## [Input material]
::::

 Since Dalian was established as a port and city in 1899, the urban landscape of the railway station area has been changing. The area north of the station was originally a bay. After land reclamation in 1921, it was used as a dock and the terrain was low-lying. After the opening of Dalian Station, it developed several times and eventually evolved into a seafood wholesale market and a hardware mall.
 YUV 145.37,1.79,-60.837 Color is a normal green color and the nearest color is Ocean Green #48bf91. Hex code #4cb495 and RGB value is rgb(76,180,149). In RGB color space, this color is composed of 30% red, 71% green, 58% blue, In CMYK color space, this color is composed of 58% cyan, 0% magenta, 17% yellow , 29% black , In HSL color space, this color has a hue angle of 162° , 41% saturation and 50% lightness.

::::

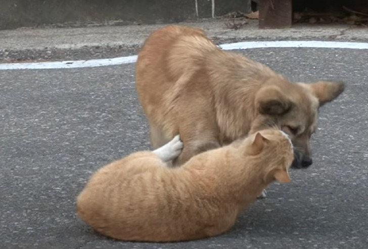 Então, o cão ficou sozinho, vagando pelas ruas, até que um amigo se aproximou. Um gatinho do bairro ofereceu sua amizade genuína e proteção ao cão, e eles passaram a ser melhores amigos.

::::

## [Exercise]
In the listing above, find the line holding "Since Dalian was" and the line holding "YUV 145.37,1.79,-60.837 Color", then output those two lines and every line between them exactly.

## [Response to the task]
 Since Dalian was established as a port and city in 1899, the urban landscape of the railway station area has been changing. The area north of the station was originally a bay. After land reclamation in 1921, it was used as a dock and the terrain was low-lying. After the opening of Dalian Station, it developed several times and eventually evolved into a seafood wholesale market and a hardware mall.
 YUV 145.37,1.79,-60.837 Color is a normal green color and the nearest color is Ocean Green #48bf91. Hex code #4cb495 and RGB value is rgb(76,180,149). In RGB color space, this color is composed of 30% red, 71% green, 58% blue, In CMYK color space, this color is composed of 58% cyan, 0% magenta, 17% yellow , 29% black , In HSL color space, this color has a hue angle of 162° , 41% saturation and 50% lightness.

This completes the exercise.